Controls that advance it
Catalogue mitigations that strengthen this principle, grouped by the defence-in-depth stage they sit in.
- Fail-closed An agent that is uncertain about what to do next faces a choice: refuse and ask for clarification, or proceed on its best guess. In low-stakes situations that tradeoff is tolerable. In agentic systems that write, delete, or send, a confident-sounding but wrong output can commit an irreversible action. A fail-closed gate resolves that choice structurally: below a configured confidence threshold, the agent stops and escalates rather than guessing.
- Plan check A plan-then-execute agent produces a sequence of steps before acting. If the planner is manipulated, it will emit steps that serve the attacker's goal rather than the user's. Plan-vs-goal validation addresses this by placing an independent validator between the planner and the execution loop: it evaluates each proposed step against the originally-declared goal before the agent is permitted to act on it.
- Policy bound An agent's authority is normally bounded only by its own reasoning.

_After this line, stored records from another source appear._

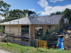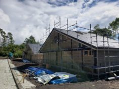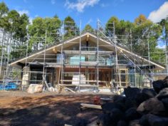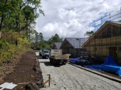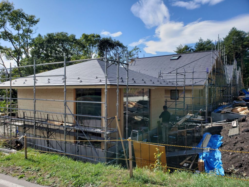 弟のマサヤ君は管理棟の外工事をこなしていまして複雑な軒裏工事のおさまりも四苦八苦しながらなんとか形にしていました。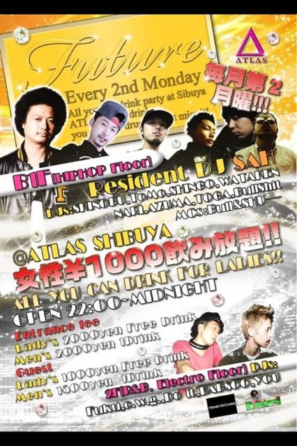 管理人様、告知失礼します。 ※ディスカウント情報※ もしメッセージができない、急に行きたくなった方は 渋谷アトラスのエントランスにて 「シンゴのゲストでマスター」 と言って頂ければ、何名様でもディスカウントゲストにて入場できます。 ------------------------------------------------------------------------------------------- 毎週月曜日は!! 渋谷axxcisの姉妹店でATLASで、 「FUTURE」!! 毎週かなりの人でにぎわっている女性飲み放題HIPHOP,R&Bイベント!! 2フロアOpenでしっかり楽しめる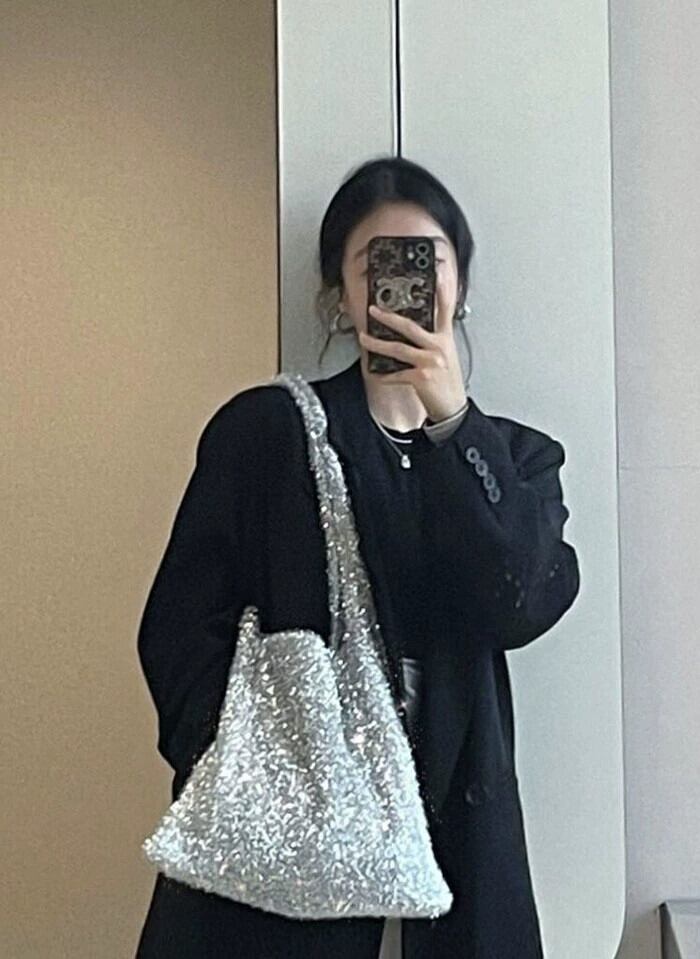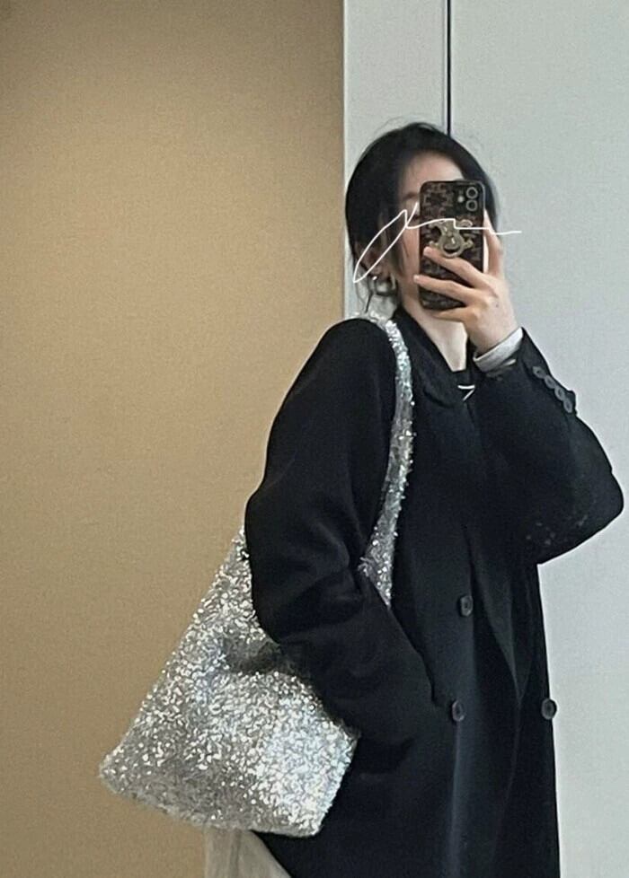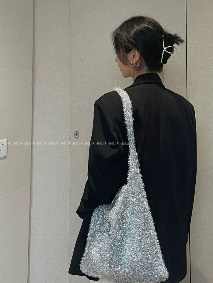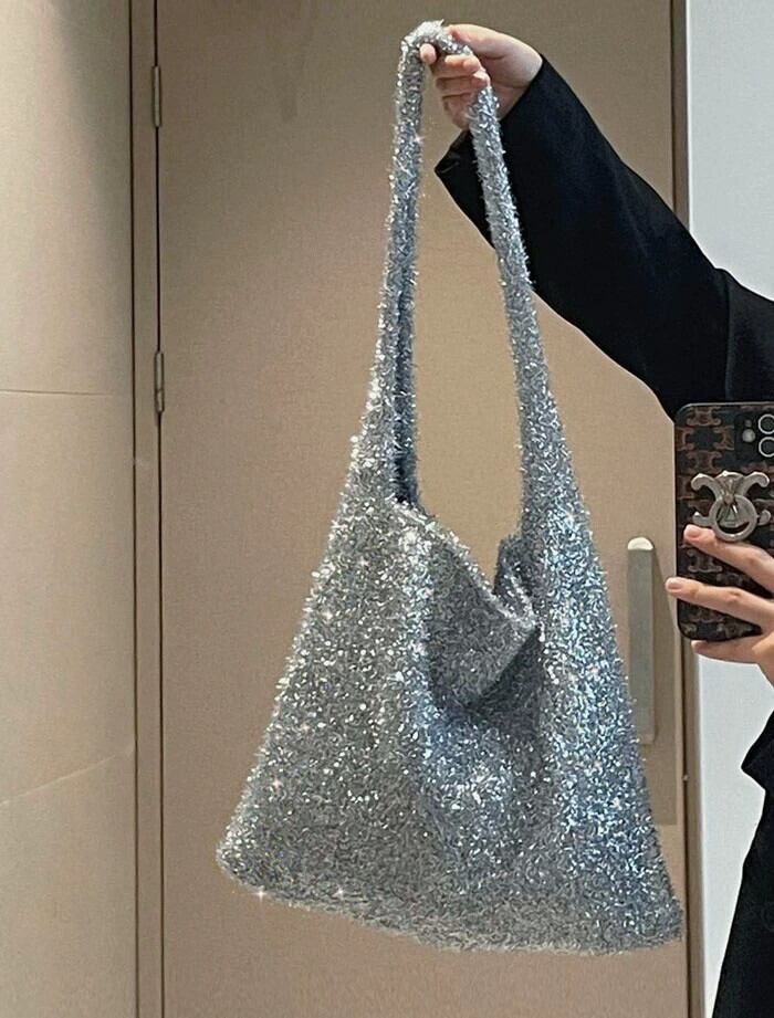 シルバーショルダーバッグ女性の秋と冬のクリスマス雰囲気大容量脇の下バッグニッチファッションシックなハンドバッグ オータム 秋物 ウィンター 冬物 銀 8571650005302129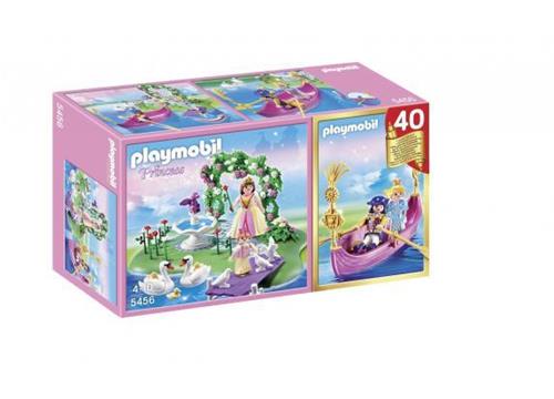 De koningin wordt door de lijfwacht in een roze gondel naar het eiland gebracht. Op het romantische eiland staat de prinses met haar dochterje ongeduldig te wachten tot de koningin aankomt. Het kleine meisje staat op de steiger de zwanen en vogels te voeren. PLAYMOBIL viert zijn 40ste verjaardag en ontwikkelde deze speciale jubileumset. De koningin maakt een tochtje in de gondel met de prins. Op het eiland staan de prinsessen al vol ongeduld te wachten.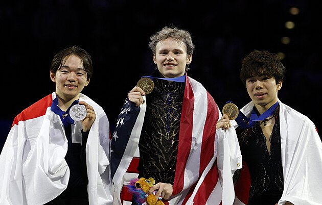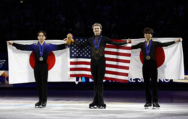 Medailisté ze soutěže mužů na pražském mistrovství světa v krasobruslení: vlevo stříbrný Juma Kagijama z Japonska, vpravo jeho bronzový krajan Šun Sato a mezi nimi americký fenomén Ilia Malinin

If that reasoning is manipulated, or the agent's identity is compromised, it will attempt actions the operator never intended to permit. Policy-bound autonomy addresses this by placing a declarative enforcement point between the agent and every consequential action: a policy engine evaluates the agent identity, the target tool, and the parameter envelope before execution, and the agent cannot reason or argue past the result.
No catalogued control.
- Graceful degradation An agent that encounters a quota trip, a dependency failure, or a timeout faces a choice: continue at reduced quality, or refuse. Getting that choice wrong is the core operational failure. Graceful degradation requires the answer to be declared before the incident, not improvised during it: write-authority paths fail closed and return a refusal; read-only paths fail open and disclose the degraded state explicitly.
In Helmwart
No current Q4 lens asks whether a control, gate, or guardrail fails closed. Given how reliably agents fail open, this is the highest-value principle still to add. Flagged here rather than implied as covered.